There are some Internet-based home businesses that offer dresses made to your specifications. Lilies of the Field and other similar sites offer catalogs that allow you to pick the dress style you desire, what embellishments to add–ruffles, long or short sleeves, collars, or tie-backs–and the fabric based upon the many different patterns they offer. They both offer well-made pantaloons, aprons, and pinafores for everyday use as well as for dress-up. Lilies makes modest bathing suits for girls as well as ladies, too. Wardrobe Classics is another company that makes dresses and jumpers and offers a “Dress of the Month.”
If sewing is not an avenue you wish explore, there are many mainstream catalogs that carry nice clothing for girls. Land’s End always has some good quality dresses that wash well and last for a very long time.
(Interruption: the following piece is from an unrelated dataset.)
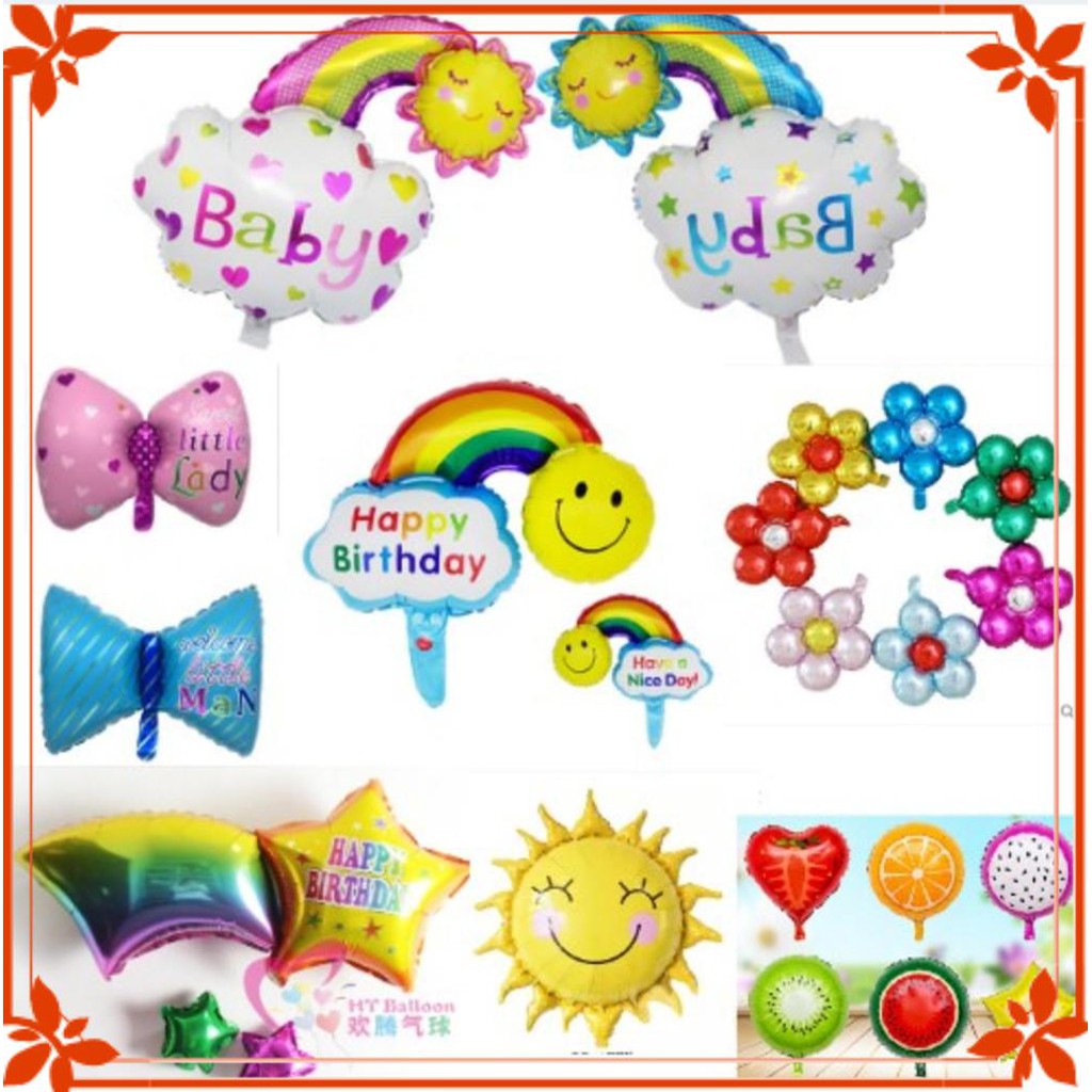 ️Thông tin sản phẩm:TẤT CẢ CÓ SẴN TẠI SHOP -Bóng bay lưu tinh 70*35 (sao băng ) -Bóng bay cầu vồng BABY :xanh và hồng 77*48cm -Bóng bay cầu vồng happy birthday : size nhỏ ,size trung -Bóng bay kẹo xoắn 46*46 :xanh trời, đỏ, xanh lá, xanh trời, đỏ, hồng, tím, vàng,cam -Bóng bay hình bông hoa 5 cánh 58*50 :Đỏ,đỏ hồng, xanh, vàng,hồng -Bóng bay hoa mặt cười, hoa mặt cười ông mặt trời -Nơ kết bươm bướm size to : xanh-hồng -Bóng bay quả :thanh long, khê, dâu, cam, dưa hấu size 18in tầm 30-40cm -Bóng cậy dừa xanh 90x80 -Bóng nơ kết bướm xanh hồng size đại 80cm Lưu ý:tất cả bóng là bóng chưa bơm,bóng sử dụng van khoá 1 chiều tự động đóng sau khi bơm sử dụng đc nhiều lân #Bóngbaytrangtrí #bongsaobăng #bóngcầuvồng #bóngmặttrời #bònghoa5cánh #bóngnơkêtbướm #bóngquả #bongbayhinhngonghĩnh #phukientrangtrisinhnhat #bongbaysinhnhat #happpybirthday #bétraibégái #bongbaycaydua #sinhnhatchobeyeu #tiecthoinoichobe

Their knit dresses are good for play, and their knit tights will last for a few years if not treated too roughly. Land’s End also has especially nice leather shoes that are low-heeled and comfortable with a traditional look.
Hannah Anderson also carries some good quality (mostly knit) clothing that washes well without pilling, although some are in prints that are rather loud. However, a careful look at the catalog will lead you to excellent tights, wonderful underwear, and nice slips.
Storybook Heirlooms, Strasburg Children, and The Wooden Soldier all carry heirloom style clothing of good quality. Storybook Heirlooms offers dainty gloves, pettiblouses, slips, shoes, and tights that are somewhat difficult to find elsewhere. Lately, this catalog has been offering more modern-looking styles in addition to the more classic ones. The Wooden Soldier has a good selection of wool coats, nice rain coats (which are not easy to find), Victorian-style boots, and other fine clothing. Strasburg has beautiful dresses with handsmocking and embroidery and has feminine slips and cardigans. They have outlet stores around the country, and one may contact these to receive the discount prices on some of the items in their catalog.
Our little girls are learning their sense of style now, and we want them to learn their own style, not slavishly follow current trends. We, as mothers, want to guide their style, not leave it up to “Lizzie MacGuire.”